Write batches of rows to persistent storage.

Module Contents#





A class for writing batches of rows to persistent storage.


class tlc.core.metrics_writer.table_writer.TableWriter(table_name: str = _3LC_FALLBACK_TABLE_NAME, dataset_name: str = _3LC_FALLBACK_DATASET_NAME, project_name: str = _3LC_FALLBACK_PROJECT_NAME, column_schemas: dict[str, tlc.core.schema.Schema] = {}, if_exists: typing.Literal[overwrite, rename, raise] = 'rename', *, table_url: tlc.core.url.Url | str | None = None)#

A class for writing batches of rows to persistent storage.

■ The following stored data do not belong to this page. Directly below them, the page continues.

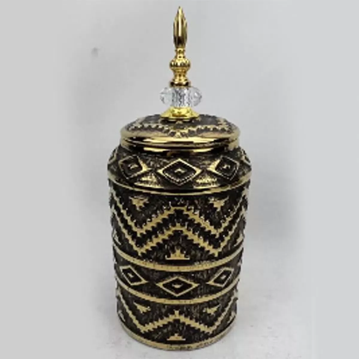 ΒΑΖΟ, ΚΕΡΑΜΙΚΟ, ΜΑΥΡΟ- ΧΡΥΣΟ, 15x15x35.5cm Estheti
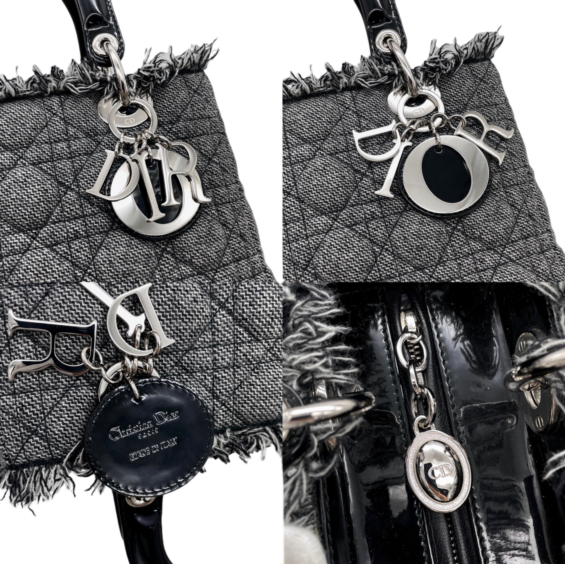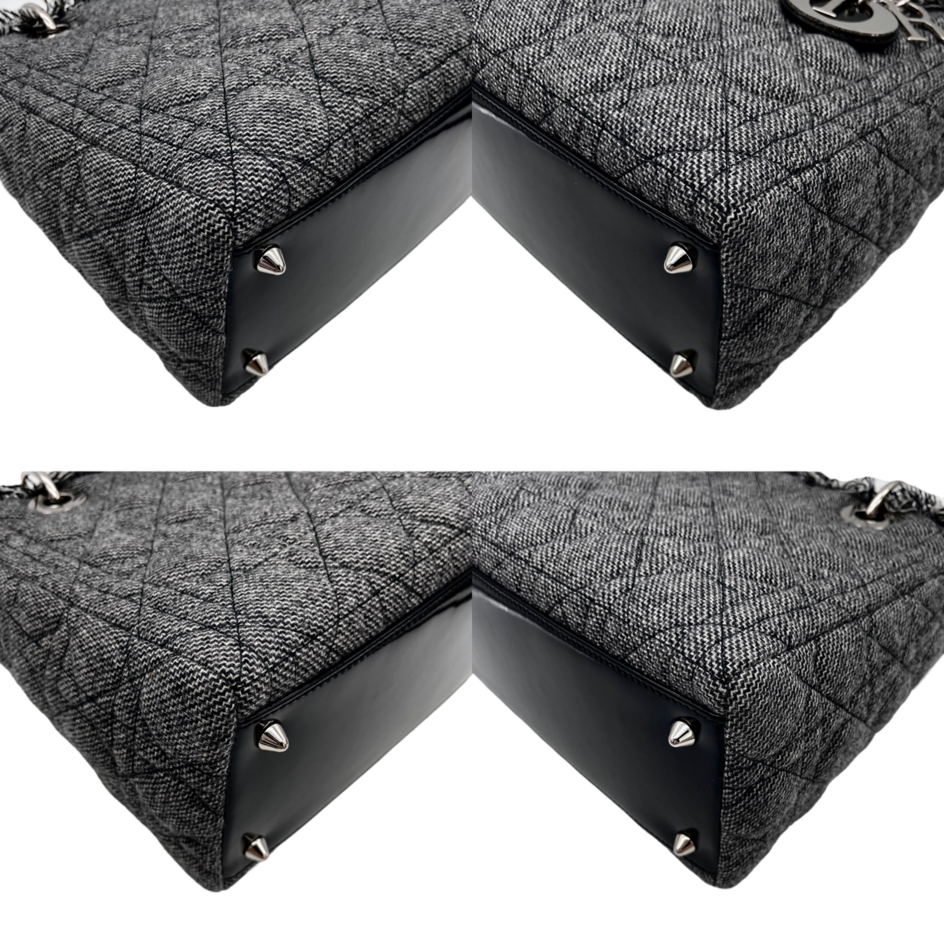 RARE☆☆☆CHRISTIAN DIOR Lady-Dior Cannage・Denim 2-Way Tote Hand Bag GM SHW Gray & Black
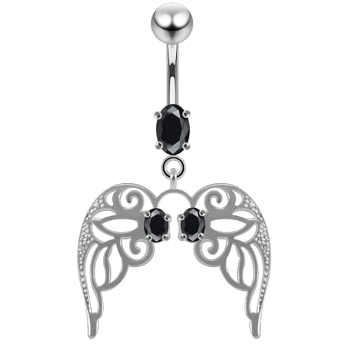 AZARIO London Black CZ Stone Cut Out Angle Wing Dangling Design 925 Sterling Silver Belly Bar Piercing
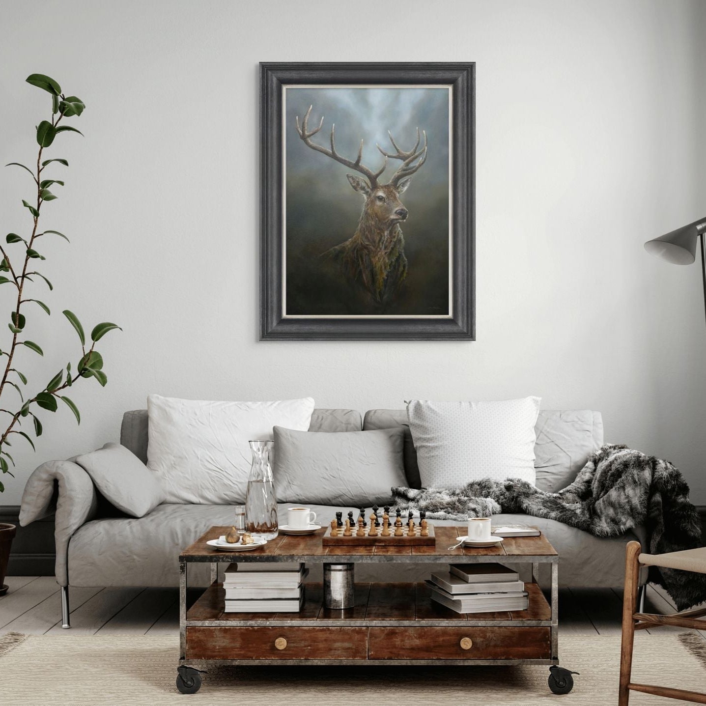 The Royal Stag artwork print beautifully captures the majesty of nature with its striking depiction of a stag, rendered in rich, earthy tones. Set in a sophisticated charcoal frame, this piece exudes a contemporary elegance that enhances any living space. The high-quality print showcases meticulous craftsmanship, ensuring longevity and vibrancy over time. The intricate details of the stag's antlers and fur are complemented by a soft, moody background, creating a serene focal point for your home. Ideal for both modern and traditional interiors, the Royal Stag adds a touch of natural beauty and sophistication while being easy to hang and maintain.
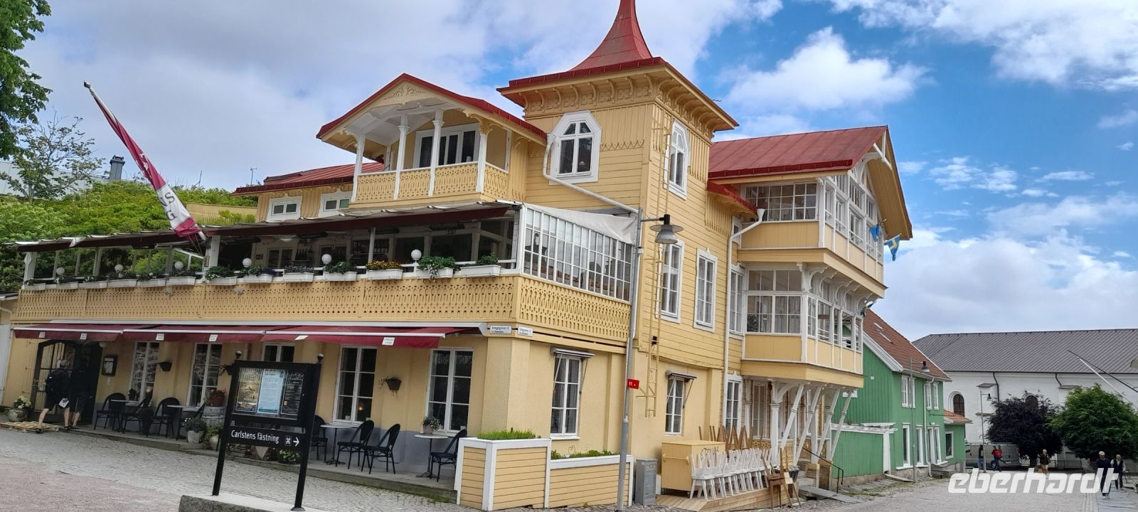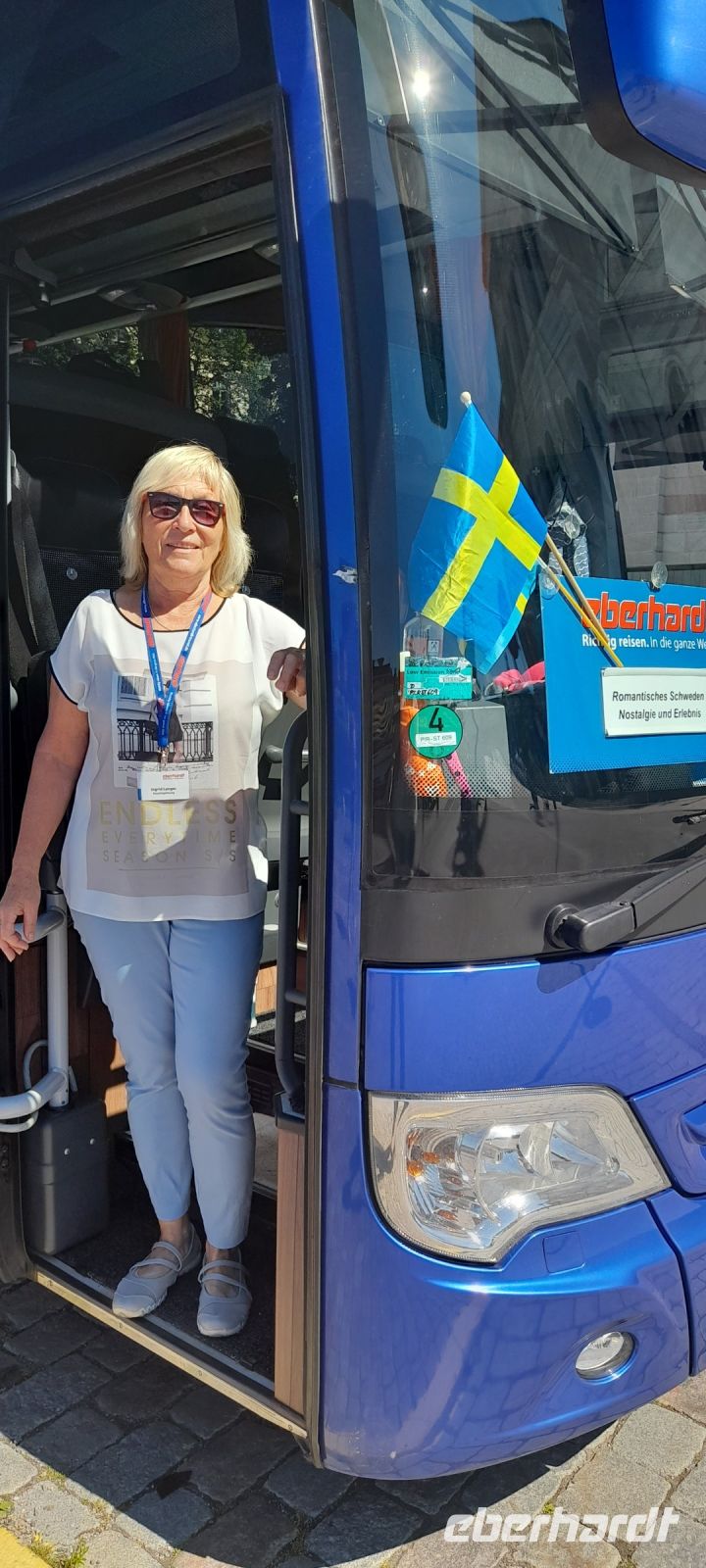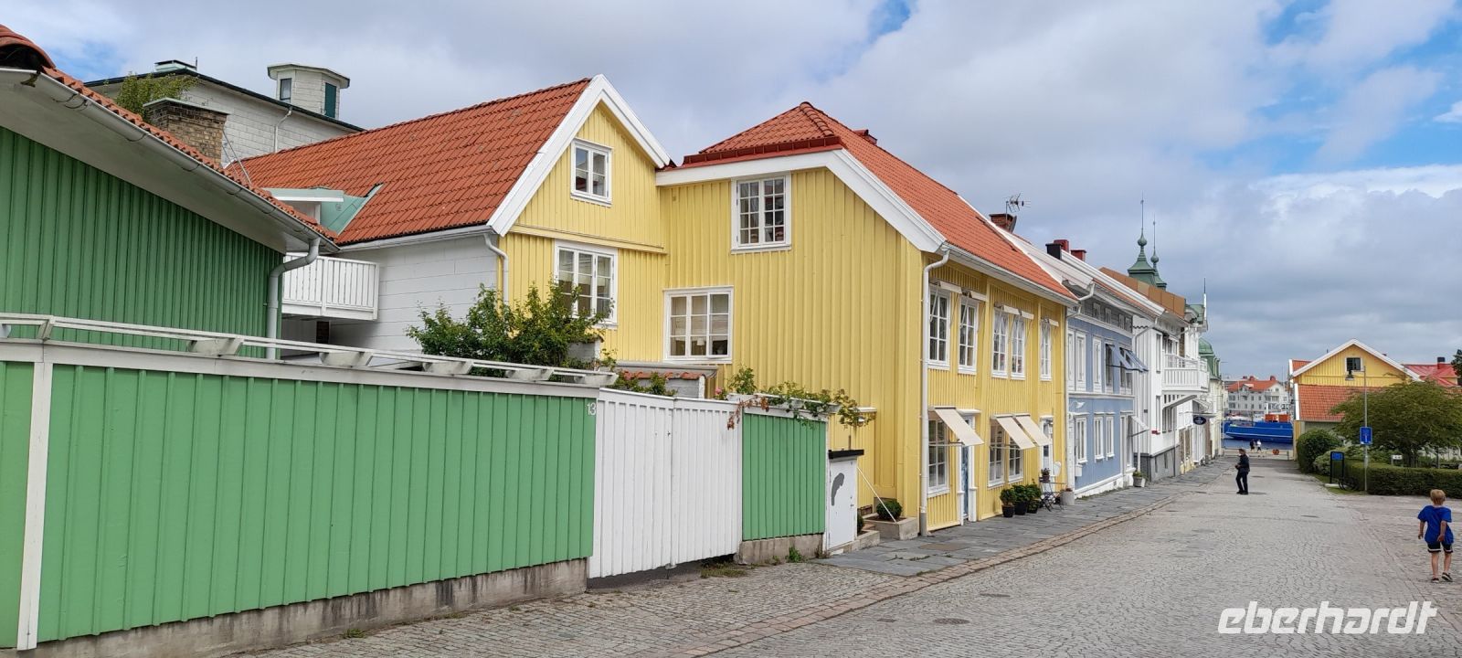 Nach dem Frühstück und dem Anlegen der Fähre treffen wir im Terminal Franziska unsere örtliche Reiseleiterin in Göteborg. Schnell ist unser Gepäck im Bus verstaut und souverän lenkt Frank den schmucken blauen Eberhardt Bus hinaus aus dem Fährhafen in Göteborg. Bis zum Mittag erleben wir eine interessante Stadtführung und nach Freizeit und Mittagsversorgung geht unsere Fahrt in Richtung Nord über den Götälv zur Insel Marstrand. Bei angenehmen Wetter starten wir unsere Überfahrt zur Insel Marstrand. Ein kleines Paradies mit wunderschönen bunten

This class is primarily used for writing data in a structured format to parquet files. It supports batching of data and managing the schema of the columns. The data written can be identified and retrieved using a unique key.


table_writer = TableWriter(
    project_name="My Project",
    dataset_name="My Dataset",
    table_name="My Table"
table_writer.add_batch({"column1": [1, 2, 3], "column2": ["a", "b", "c"]})
table_writer.add_row({"column1": 4, "column2": "d"})

Initialize a TableWriter.

  • table_name – The name of the table, defaults to “table”.

  • dataset_name – The name of the dataset, defaults to “default-dataset”.

  • project_name – The name of the project, defaults to “default-project”.

  • column_schemas – Optional schemas to override the default inferred column schemas.

  • table_url – An optional url to manually specify the Url of the written table. Mutually exclusive with table_name, dataset_name, and project_name.

add_row(table_row: MutableMapping[str, tlc.core.builtins.types.MetricData]) None#

Add a single row to the table being written.

add_batch(table_batch: MutableMapping[str, tlc.core.builtins.types.MetricData]) None#

Add a batch of rows to the buffer for writing.

This method validates the consistency of the batch and appends it to the buffer. When the buffer reaches its maximum size, it is automatically flushed to disk.


table_batch – A dictionary mapping column names to lists of values.


ValueError – If the columns in the batch have unequal lengths or mismatch with existing columns.

clear() None#

Clear the buffer and reset the internal state.

flush() tlc.core.objects.table.Table#

Flush the buffer and return the written table. This method is deprecated.

finalize() tlc.core.objects.table.Table#

Write all added batches to disk and return the written table.

set_override_column_schemas(override_column_schemas: dict[str, tlc.core.schema.Schema]) None#

Set or update the override column schemas.

This method allows setting custom schemas for specific columns, overriding the default inferred schemas.


override_column_schemas – A dictionary of column names and their corresponding custom schemas.


ValueError – If called after the first batch has been added.